Dominic Dyer of Born Free Foundation, said: ‘The fight to protect whales gave birth to the modern environment movement 50 years ago. Yet during a year where Extinction Rebellion, Greta Thunberg and school children worldwide are challenging our leaders to tackle environmental decline, Japan is sending its whaling ships back to sea, within days of the hosting the G20 Summit.

‘There is no justification for whaling on scientific or economic grounds. World leaders should call on Japan to halt its commercial whaling plans and return to supporting global efforts to protect whales and their ocean habitats. If we fail to protect whales, the future for mankind and our planet will be very bleak indeed.'

There is no commercial or other pressing need for Japan to relaunch its whaling activity, as consumption of whale meat in Japan declined by almost 99% between 1962 and 2017; in 2017 government data shows that less than 4,000 tonnes were eaten.[5] But there is a huge need to prevent a further decline in whale numbers. The IWC international ban on commercial whaling, agreed in 1982, has helped great whale populations increase, saving several from extinction. Yet many whale populations remain low or endangered – and all whales face the huge threats of fishing-related deaths, ship collisions, climate change, and chemical, litter and noise pollution.[6]

With whales playing a key role in our marine ecosystems (including locking up carbon and providing nourishment for phytoplankton essential to ocean food chains) it is vital that Governments around the world help to protect them to keep our seas healthy.[7] G20 leaders have the ideal opportunity at the Osaka summit to echo public opinion on the need for Japan to end this cruel and unnecessary practice. Peaceful anti-whaling protest events will also be taking place in London, Edinburgh and other cities around the world on Saturday to draw attention to this issue.


Notes to editors:
  1. Japan is leaving the International Whaling Commission (IWC), effective 30th June 2019, and will be conducting commercial whaling in its own waters. It will take three species in its new hunts - sei, Bryde’s and minke whales.
  2. Japan claims that its previous whaling programmes were scientific research and allowed under the convention that established the IWC, the International Convention for the Regulation of Whaling. In a landmark case at the International Court of Justice in 2014, Japan’s scientific whaling was put on trial and the court found that it was not in conformity with the convention. Therefore, Japan’s new whaling programme in the North Pacific can be seen as a continuation of its previous activities and not the start of new commercial hunts.
  3. Organisations supporting these calls in the UK include: Animal Defenders, Born Free Foundation, Campaign Whale, Environmental Investigation Agency (EIA), Humane Society International, International Fund for Animal Welfare (IFAW), Marine Conservation Society, MARINELife, ORCA, RSPCA, Whale and Dolphin Conservation.

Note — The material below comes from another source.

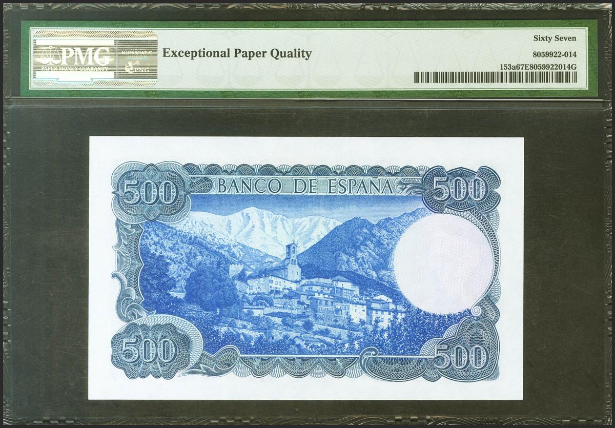 500 Pesetas. 23 de Julio de 1971. Sin serie. (Edifil 2021: 473, Pick: 153a). Raro en esta excepcional calidad, apresto original. SC. Encapsulado PMG67EPQ.

For a full list of the more than 100 organisations supporting the letter to G20 leaders, see the letter here.
  4. The members of the G20 are: Argentina, Australia, Brazil, Canada, China, the EU, France, Germany, India, Indonesia, Italy, Japan, Mexico, Russia, Saudi Arabia, South Africa, South Korea, Turkey, UK, and USA.
  5. See p7-9 of IFAW’s 2017 Economics of Japanese Whaling Report
  6. Whale populations which have shown good signs of recovery since the moratorium has been in place include some of those of the humpback whale and the Southern Right whale. Whale species which have populations still severely at risk include the North Atlantic Right Whale and the North Pacific Right Whale. See the IWC Intersessional report 2016-2018 for more.
  7. More information about the positive and important roles that whales play in marine ecosystems can be found here.